Your job is to print, exactly, the lines in the data below from the line with "Our Cozys lovies" through the line with "Semi circular fliptop", both included, and to omit any picture.
[[ Material supplied open ]]
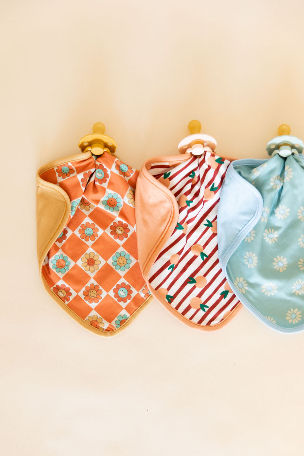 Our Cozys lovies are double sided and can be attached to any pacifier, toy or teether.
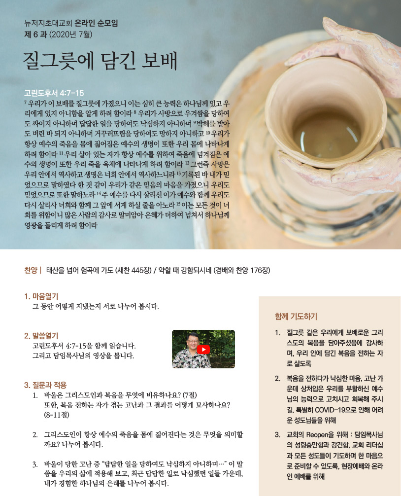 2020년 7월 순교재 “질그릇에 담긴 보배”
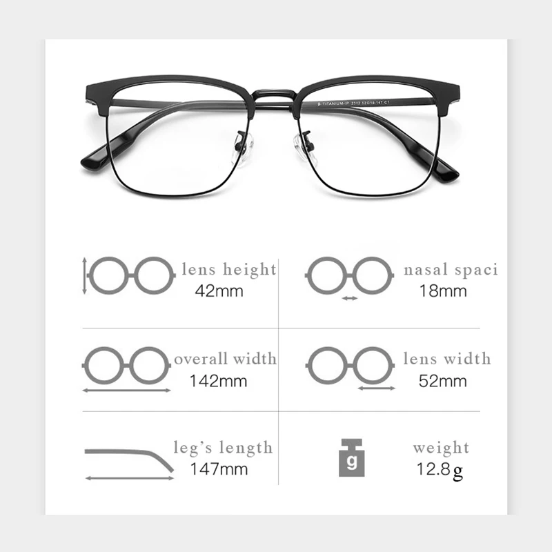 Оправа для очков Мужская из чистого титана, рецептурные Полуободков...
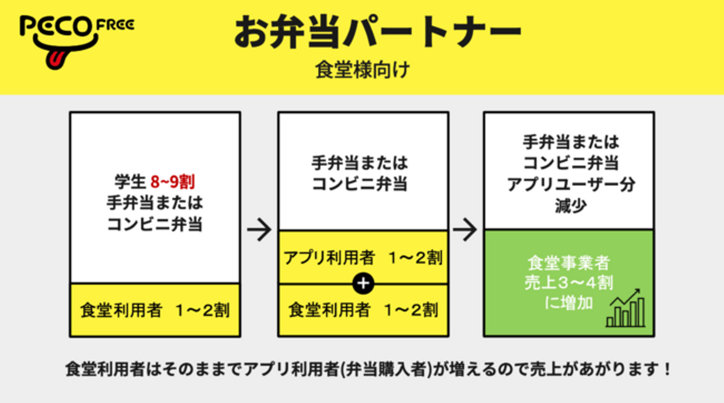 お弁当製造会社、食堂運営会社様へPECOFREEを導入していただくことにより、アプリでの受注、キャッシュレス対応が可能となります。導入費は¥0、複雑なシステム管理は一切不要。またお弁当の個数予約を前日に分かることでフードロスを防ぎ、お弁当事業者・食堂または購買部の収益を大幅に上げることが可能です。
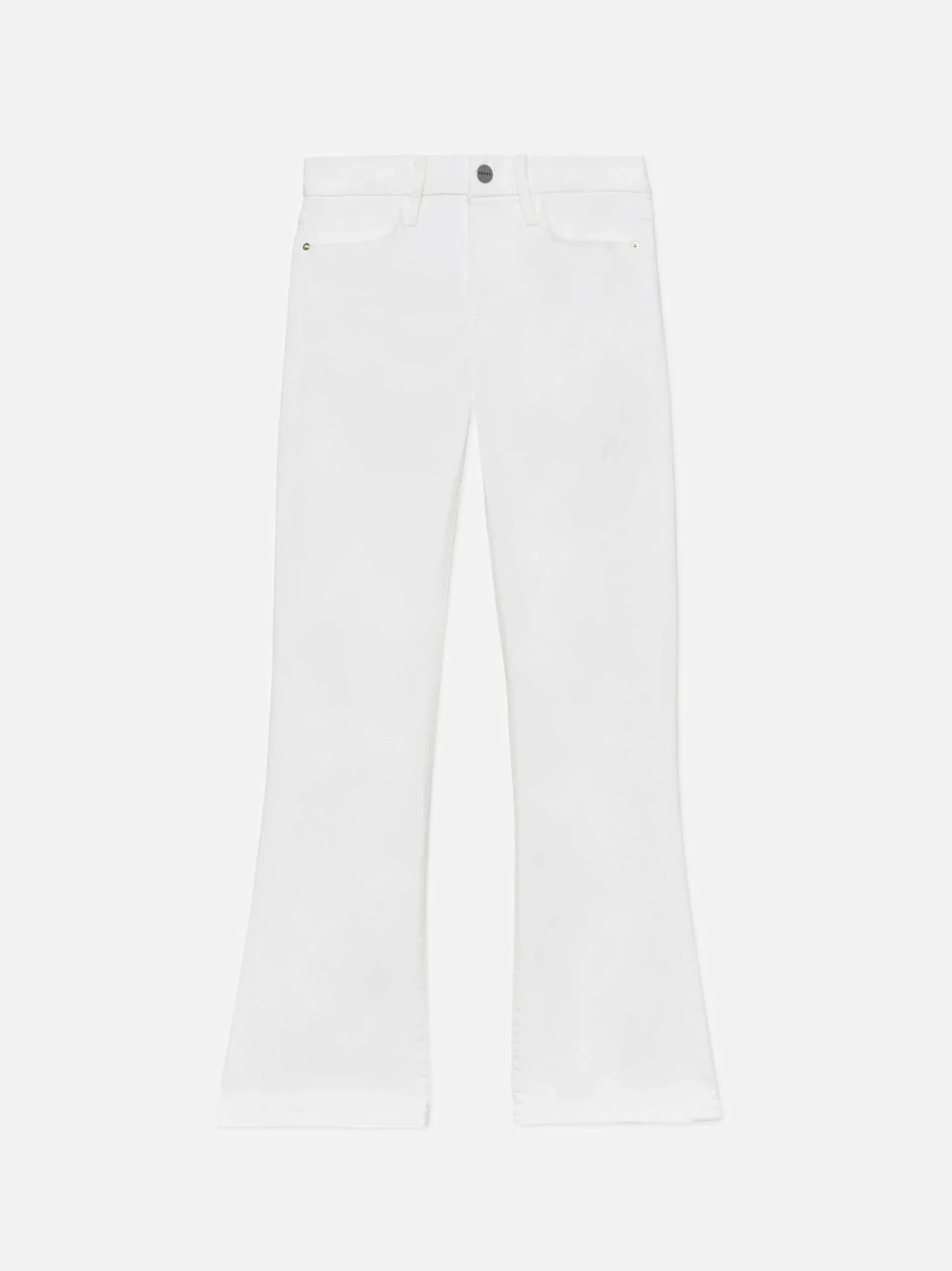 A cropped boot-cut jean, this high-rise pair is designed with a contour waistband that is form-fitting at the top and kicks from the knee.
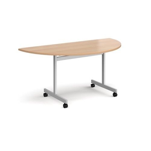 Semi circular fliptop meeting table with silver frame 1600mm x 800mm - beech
[[ Material supplied closed ]]
[[ Material supplied open ]]
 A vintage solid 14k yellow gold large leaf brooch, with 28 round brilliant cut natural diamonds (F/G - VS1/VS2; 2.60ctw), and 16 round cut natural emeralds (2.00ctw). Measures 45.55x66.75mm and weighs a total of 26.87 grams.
[[ Material supplied closed ]]
[[ Material supplied open ]]
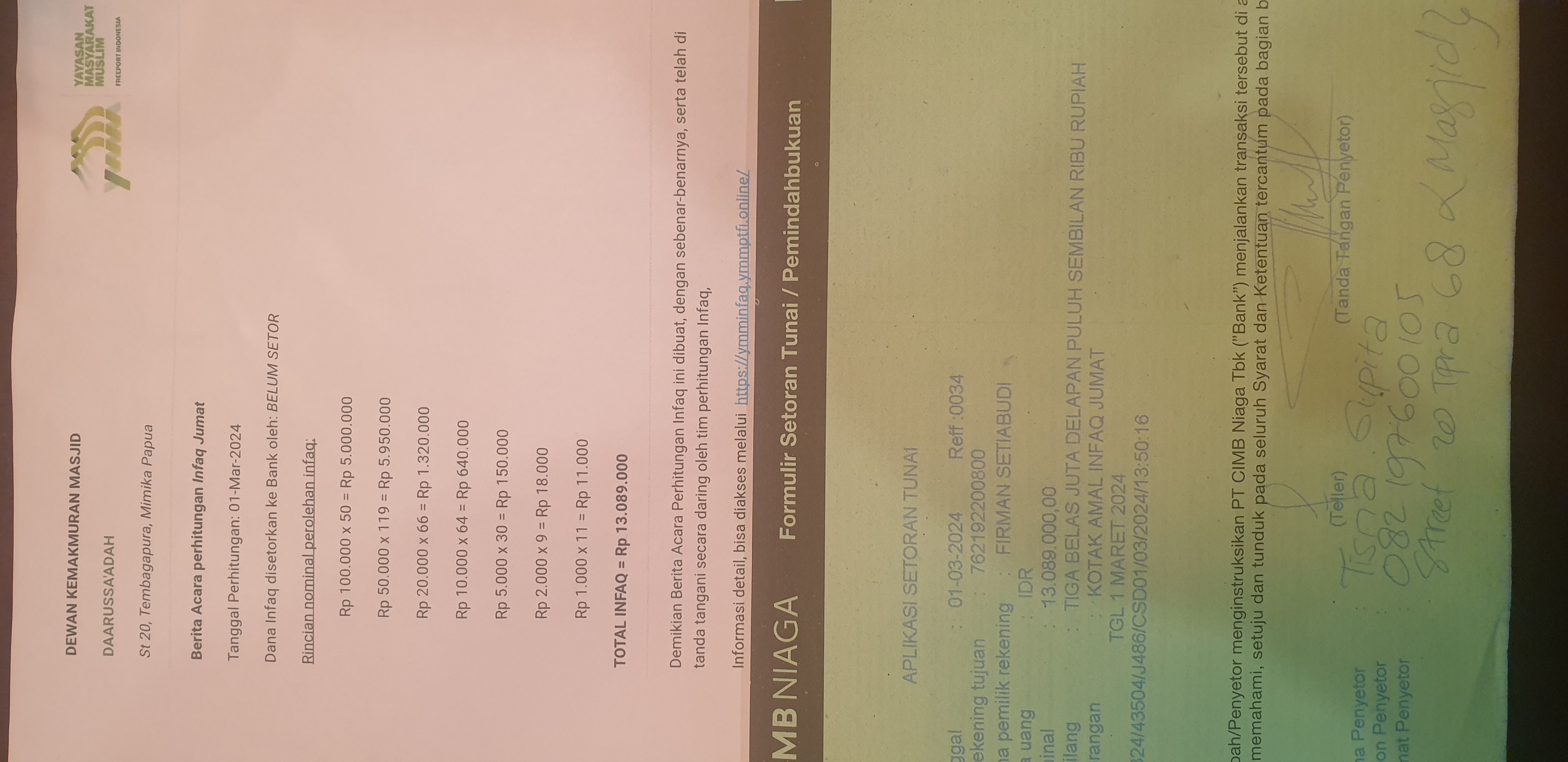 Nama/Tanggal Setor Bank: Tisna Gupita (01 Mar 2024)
[[ Material supplied closed ]]
» **Your solution**
 Our Cozys lovies are double sided and can be attached to any pacifier, toy or teether.
 2020년 7월 순교재 “질그릇에 담긴 보배”
 Оправа для очков Мужская из чистого титана, рецептурные Полуободков...
 お弁当製造会社、食堂運営会社様へPECOFREEを導入していただくことにより、アプリでの受注、キャッシュレス対応が可能となります。導入費は¥0、複雑なシステム管理は一切不要。またお弁当の個数予約を前日に分かることでフードロスを防ぎ、お弁当事業者・食堂または購買部の収益を大幅に上げることが可能です。
 A cropped boot-cut jean, this high-rise pair is designed with a contour waistband that is form-fitting at the top and kicks from the knee.
 Semi circular fliptop meeting table with silver frame 1600mm x 800mm - beech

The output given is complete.